STRIDENTIST POEMS is a complete bilingual edition of the major early works of Manuel Maples Arce, founder of Stridentism, Mexico's most radical avant-garde movement of the 1920s.
Maples Arce's Stridentist poetry appeared at a time when Mexico was the center of the avant-garde, in a milieu that included Kahlo and Rivera, Modotti and Weston. His early books--Inner Scaffolds, CITY, and Prohibited Poems, collected here along with his first Manifesto--advanced the Stridentist program for a revolutionary poetry with increasingly refined precision. Made of the reaction between the poet's material reality and subjective emotional experience, his poems were meant to send "Chopin to the electric chair!"

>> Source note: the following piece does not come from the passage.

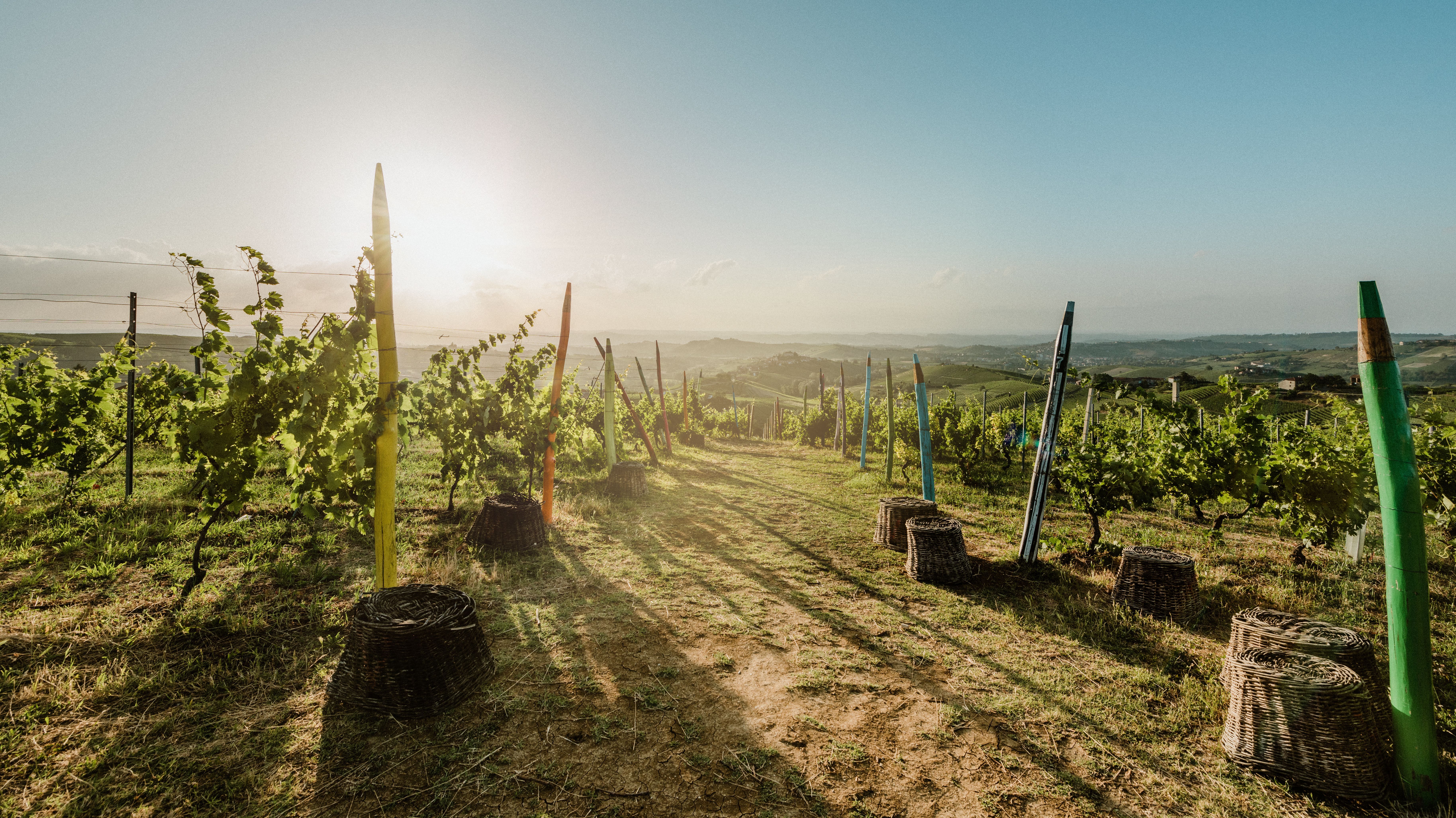 Die Moscato Bianco-Trauben aus den grosszügigen Hügeln im Herzen des Piemont bilden die Basis der beiden grossen DOCG-Weine Moscato d`Asti und Asti Spumante, finessenreichen Botschaftern einer Landschaft mit unvergesslichen Aromen und Farben. Der Moscato d´Asti DOCG ist ohne Zweifel eines der charakteristischsten Produkte des piemontesischen Weinbaus. Obwohl kein Schaumwein, ist er  leicht frizzante mit feiner Perlage und besitzt Süsse und eine Lebendigkeit, die ihn unverwechselbar macht. Die Weinbauern schätzten ihn einst zu einer deftigen Merenda, als Begleiter zu Brot, Butter und Sardellen. Heute hingegen entdeckt man immer wieder neue Facetten in Kombination mit exotischen Gerichten. 9700 Hektar in 51 Gemeinden der Provinzen von Alessandria, Asti und Cuneo sind mit Moscato Bianco bestockt. Mehr als 1400 ha haben ein Gefälle von über 40 Prozent, davon 330 ha gar über 50 Prozent. Das sind Rebberge mit der historischen Sorì-Bezeichnung, die nicht maschinell, sondern nur mit Hand bearbeitet werden können. Rund 4000 Betriebe sind an der Produktion von Moscato d´Asti DOCG und Asti Spumante DOCG beteiligt. Das Gebiet des Asti DOCG auch ist das erste Weinbaugebiet Italiens, das als Weltkulturerbe der UNESCO nominiert wurde.
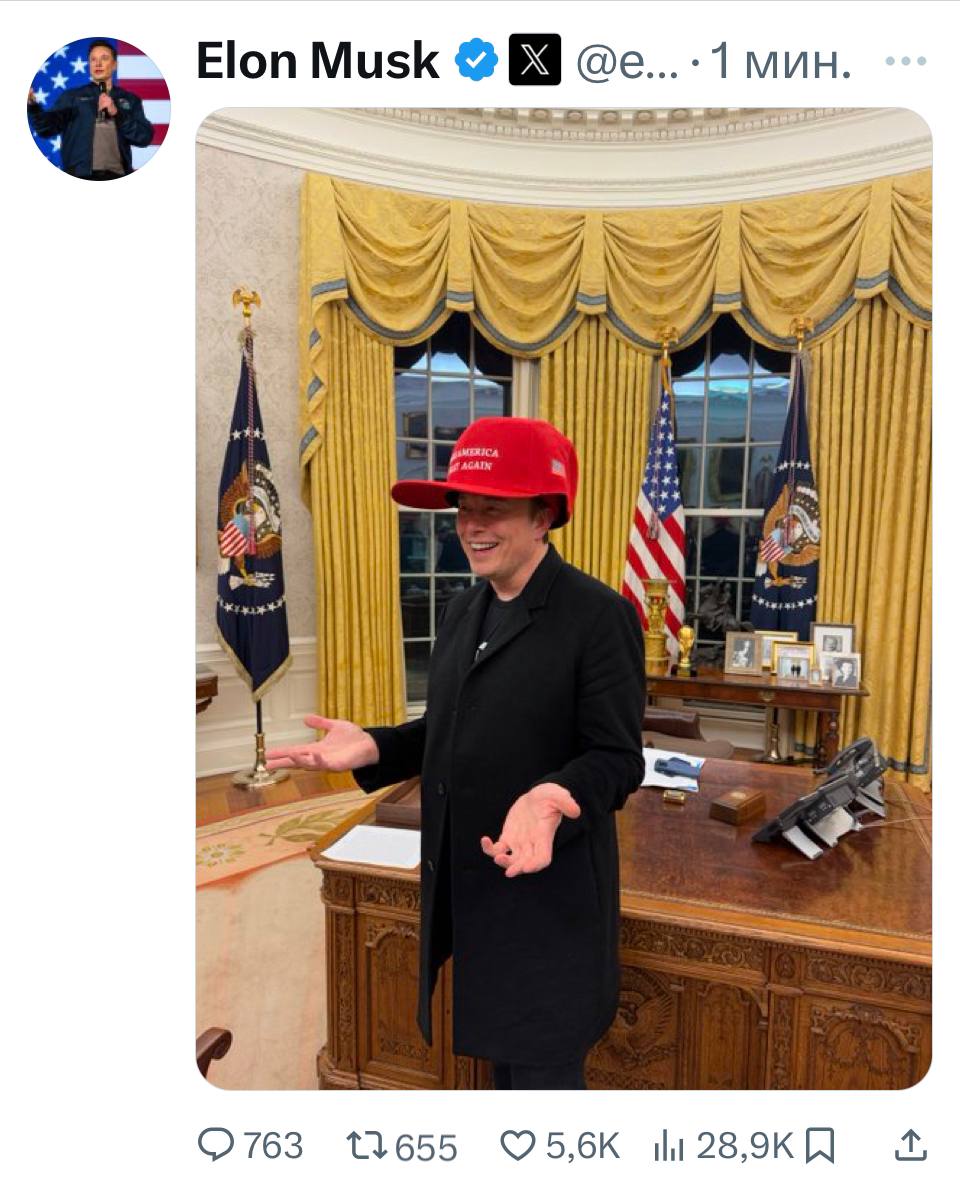 Бізнесмен Ілон Маск та журналіст Такер Карлсон побували в Овальному кабінеті Білого дому.

"Maples Arce appears, passing out molotov cocktails to girls, waving to twenty-eight year old revolutionary generals from a speeding motorcycle, listening to Jazz with his stomach while military trains unload the wounded, telling poetry, From now on your name's Adventure."--Roberto Bolaño
"KM Cascia's versions of these mercurial poems capture the velocity of their pulse and the breadth of their postrevolutionary ambitions, enthralled with airplanes as much as writing machines (typewriters in Spanish). The bravado of Stridentism's inaugural manifesto might be impossible to match, but that's the mark of Maples Arce's utopianism and of his works' avant-garde cred: 'Chopin to the electric chair! ... is a marvelous preparation; in twenty-four hours it exterminates all the germs of a putrefied literature and its use is so very agreeable and beneficial. Shake well before using.' Of his savvy, here is the proof: 'Trademark M.M.A.'"--Mónica de la Torre
"Hydrogen airships, electric roses, motorcycles, detector tubes, and telegraphy ... These are the ground and horizon for Manuel Maples Arce in poems whose 'interior scaffolds' corroborated the social conditions of Mexico's postrevolutionary unrest. With an infectious gusto for this material, KM Cascia perfectly renders the 'agitprop-style fabulism' of Maples Arce's poetic personality in these commensurately dynamic translations. Maples Arce appears in English today as a timely challenge to contemporary U.S. imperial politics and domestic literary complacency."--Roberto Tejada
"It is impossible to form a comprehensive picture of the literary revolutions that transformed twentieth-century poetry in the Américas and Europe without Stridentism. KM Cascia's finely attuned translations present English-language readers, at long last, with access to the work of Manuel Maples Arce, founder of Stridentism and mythic point of origin for post-war experimental writers including Roberto Bolaño, Mario Santiago Papasquiaro, and Jorge Pimentel."--Cole Heinowitz
"Maples Arce moves from parody to imitation, surrealist anthropomorphism, earnest yearning, and finally to tag-lining and sloganeering in the breadth of a stanza." -- Terrence Arjoon, The Poetry Project
Poetry. Latinx Studies. Translation.